If you search for sender:joe.blogs@company.com, the system may not automatically look for mail sent from j.blogs@company.com. But because the Substrate stamped "Joe Blogs" on both emails when they were sent, a search for sender:"Joe Blogs" will catch both. For a regulatory production where "missing data" is a compliance risk, this name-based approach ensures you capture the user's entire output across all their technical identities.

Important: Targeted Searches Only

It is critical to understand that this is a targeted mailbox strategy, not a tenant-wide strategy.

  • Why it works in a targeted search: If you have already narrowed your "Data Sources" to Joe Blogs's mailbox, searching for sender:"Joe Blogs" is incredibly accurate. You’ve already defined the "Where" (the specific mailbox); the name search simply ensures the "What" is comprehensive.

  • Why it fails tenant-wide: If you search your entire organization for sender:"Joe Blogs", you will return every "Joe Blogs" in the directory and potentially unrelated external hits. This strategy is for capturing the full history of a specific custodian.

Sender vs. Participants: Which is better?

When you are looking for what a custodian sent from their own mailbox, you should use the sender property rather than participants.

  • Sender="Joe Blogs": This is a precision tool. It targets only the items where the custodian is the author. This is the superior property for producing a user's "sent history."

  • Participants="Joe Blogs": This is a "wide net" tool that searches the Sender, To, Cc, and Bcc fields simultaneously. Using this within a custodian's mailbox would clutter your results with every email they received, making it difficult to isolate their outbound correspondence.

The "Name Change" Caveat

Because the display name is "stamped" on the item at the moment it is sent, it represents the user's identity at that point in time.
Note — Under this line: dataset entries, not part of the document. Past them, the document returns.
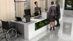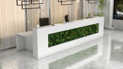 Tam gdzie natura wkracza do architektury wnętrz ta pojawia się recepcja R184. Popularny chrobotek czy odpowiednio dobrany zestaw roślin doniczkowych może stanowić piękne wypełnienie Państwa recepcji. Fantastyczna zieleń umieszczona w szlachetnej ramie frontowej wykonanej z corianu będzie wymowną wizytówką Państwa SPA, salonu masażu, kliniki medycyny estetycznej.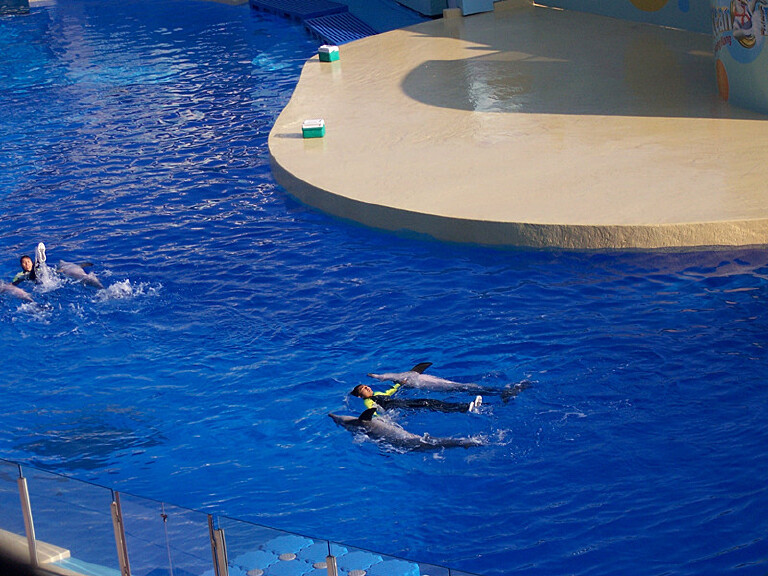海洋剧场位于山上中央,能容纳4000名观众,剧场中央是一个巨大水池,每天有加州海狮和瓶鼻海豚进行精彩表演。我们去得早,表演还没开始,在这里可以俯瞰山下的游乐场,高耸入云的海洋摩天塔,各式各样惊险刺激的机动游乐设施,如过山车、摩天轮、海盗船等。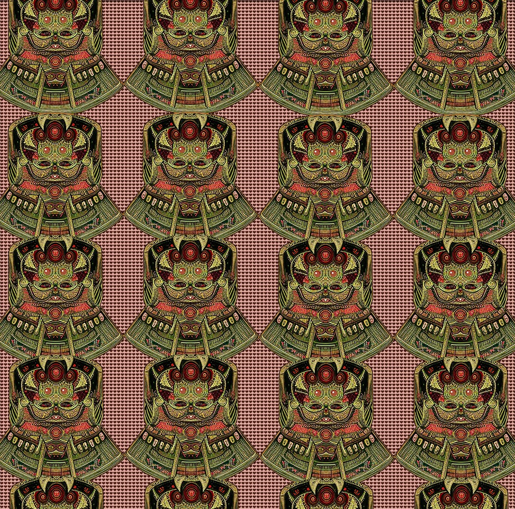 against a brick red background an evoke scales or chain mail found in traditional Samurai garb.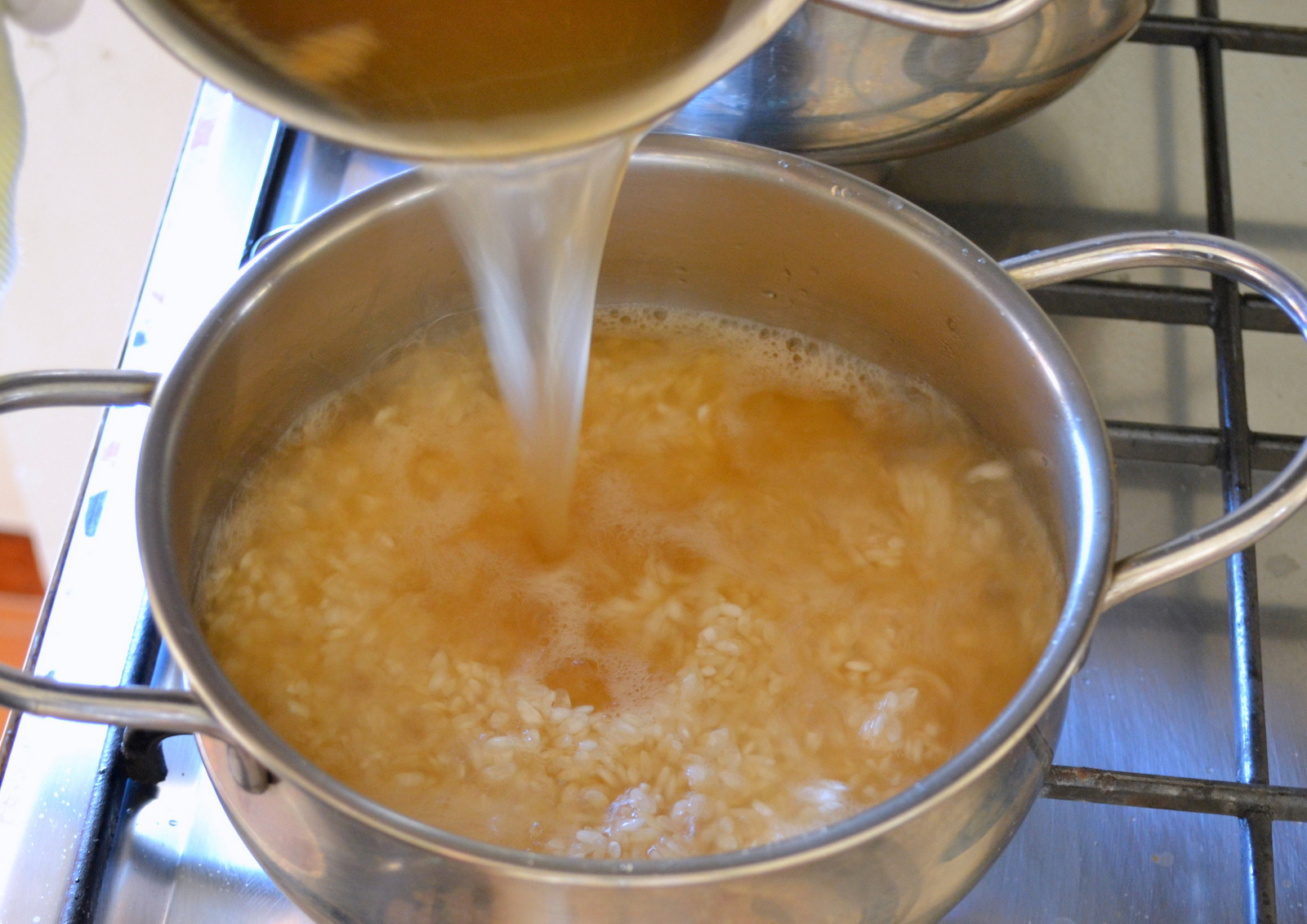 Mettete il riso in una pentola  che abbia il  coperchio, versate  il brodo bollente e portate subito ad ebollizione coprendo  immediatamente;gamberoni rossi,ricette con riso,www.casafacilefelice.org,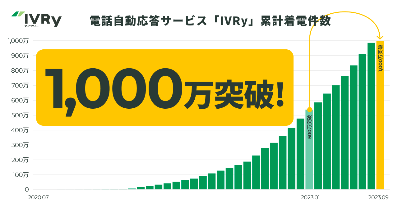 電話DX SaaSの「IVRy」、累計着電件数1,000万件を突破 〜総削減時間は83万時間超に〜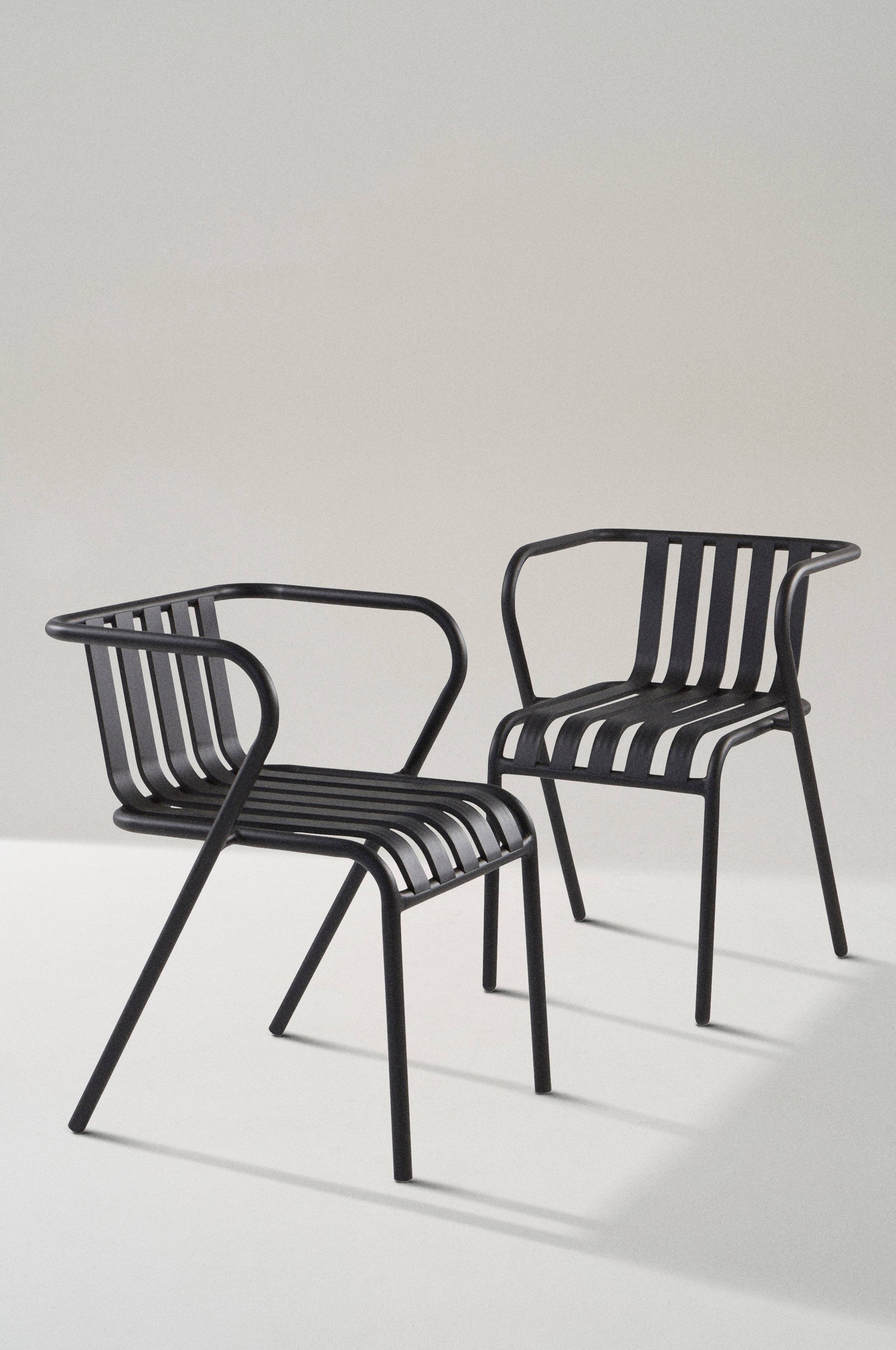 Stole med armlæn i 2-pak af aluminium med mat overflade. Serien NERJA har bløde linjer men er også cool i sit udtryk. Aluminiumsprofilen er lidt kraftigere, men aluminium er et let materiale, så NERJA har en lav vægt. NERJA tåler at stå udendørs, aluminium ruster ikke og er nemt at tørre af. Stolene er stabelbare.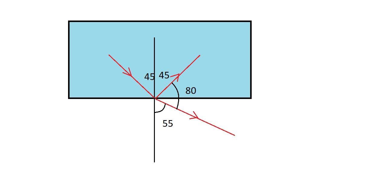 Помогите пожалуйста выполнить задание- Угол между отраженным лучом и преломленным составляет 80°, а угол преломления 55°. Найдите угол падения света и относительный показатель преломления среды. Сделайте пояснительный рисунок.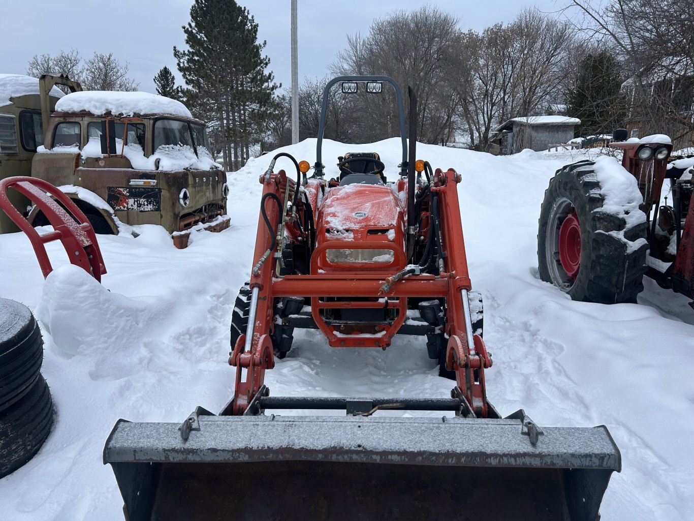 Kioti DK35SE with Kioti KL351 loader. 4WD tractor with 1 set of rear remotes, high medium and low ranges, tilt steering, brand new Kioti seat with arm rests (not shown in pictures). Fully serviced and looked over by one of our mechanics.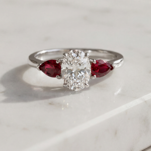 A platinum 3 stone ring with single centre oval cut diamond 0.50ct. This GIA certified D colour, clarity SI1. Complimented with two rubys 0.40ct on shoulders.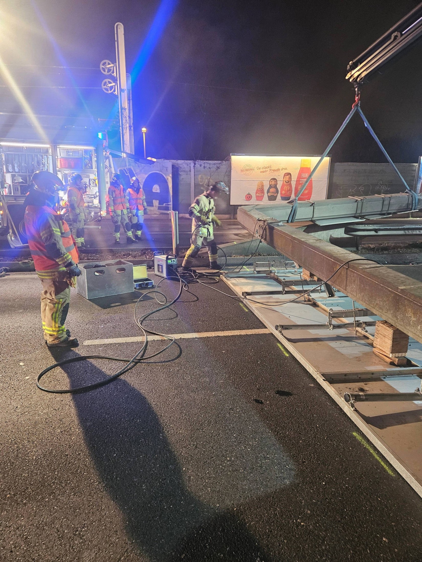 Auf Anforderung der Polizei wurde auch die Drohne der Feuerwehr zur Einsatzstelle beordert. Die Luftaufnahmen werden das Unfallkommando bei der Ermittlung des Unfallherganges unterstützen.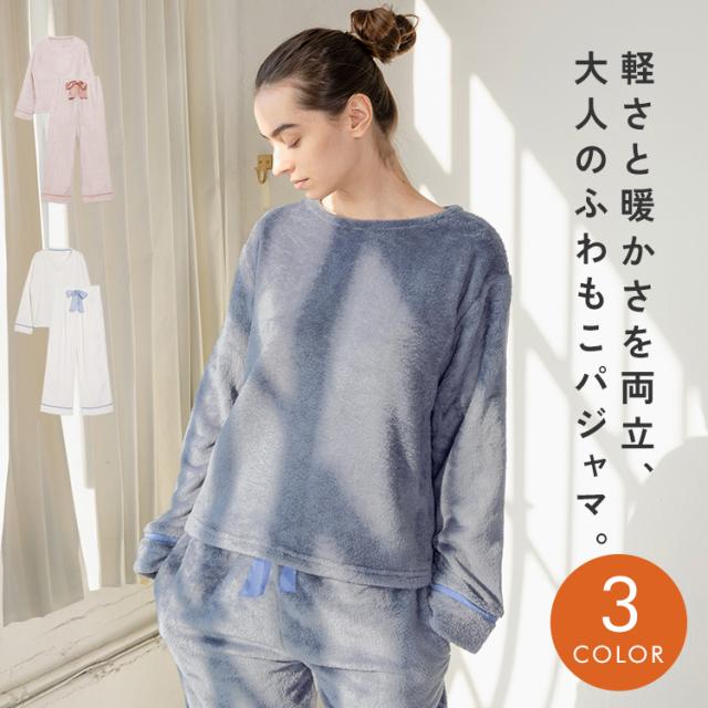 パジャマ レディース ルームウェア 冬 かわいい 暖かい 秋 長袖 上下セット セットアップ 秋冬 もこもこ パンツ あったか ゆったり 部屋着 おしゃれ もこもこルームウェア ロングパンツ SET 冬用 襟なし 上下 リラックス ナイトウェア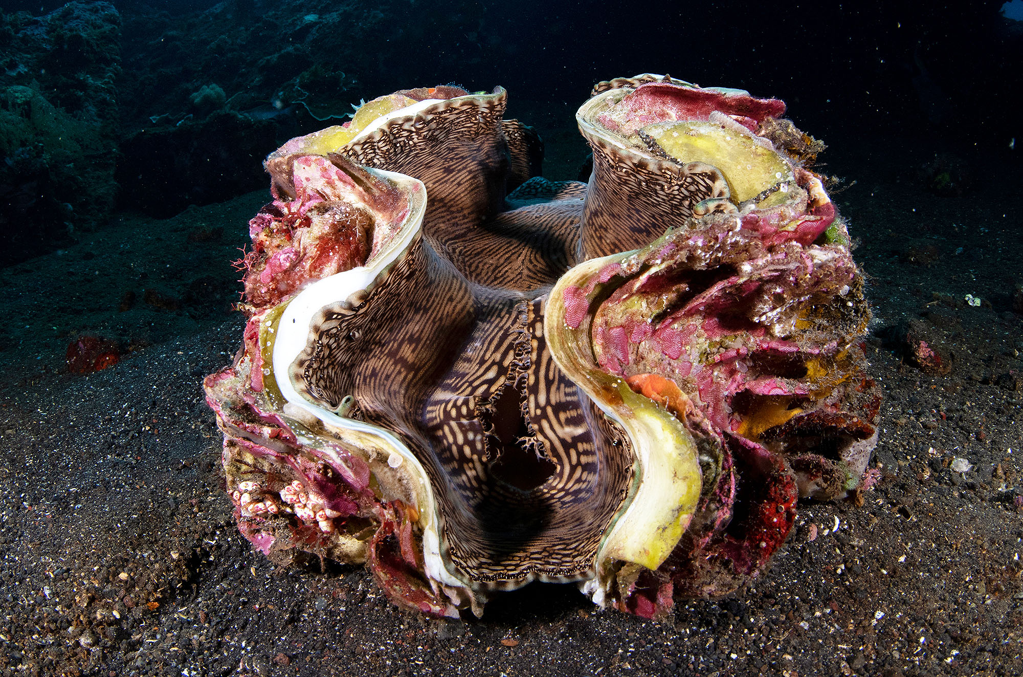 The giant clam lives in flat coral sand or broken coral and can be found at depths of as much as 20 m (66 ft). Its range covers the Indo-Pacific, but populations are diminishing quickly, and the giant clam has become extinct in many areas where it was once common.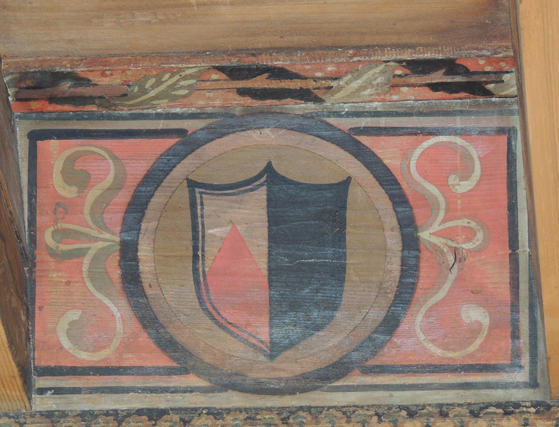 Tavoletta da soffitto realizzata in legno di abete, dipinta a tempera direttamente sul supporto privo di preparazione, ma semplicemente impermeabilizzato con una stesura di colla probabilmente di origine animale. All'interno di una circonferenza è posto lo stemma della Fantolina su scudo alla veneta. Il tutto è inserito all'interno di una cornice rettangolare.

If a custodian has had a name change (for example, due to marriage or a preference change from "Joseph" to "Joe"), searching for their current name will not return items sent under their previous name. To ensure a truly defensible and comprehensive production, you must include any previous display names as "OR" terms in your query.

(For Purview prerequisites on tracking and identifying these historical name changes, please refer to this article)

Summary for eDiscovery Managers

  1. Scope the search: Target the specific custodian mailbox as the data source.

  2. Use the Name: Use sender:"Display Name" to bypass the "Proxy Address" gap and catch all aliases.

  3. Include History: Add previous display names to the query to ensure you catch items sent before a name change.

  4. Avoid SMTP-only: Don't rely on a single SMTP address, as Purview’s expansion may miss departmental or legacy aliases.

By leveraging the way the Substrate "stamps" names at the point of ingestion, you can produce a more accurate and defensible set of sent items with significantly less manual configuration.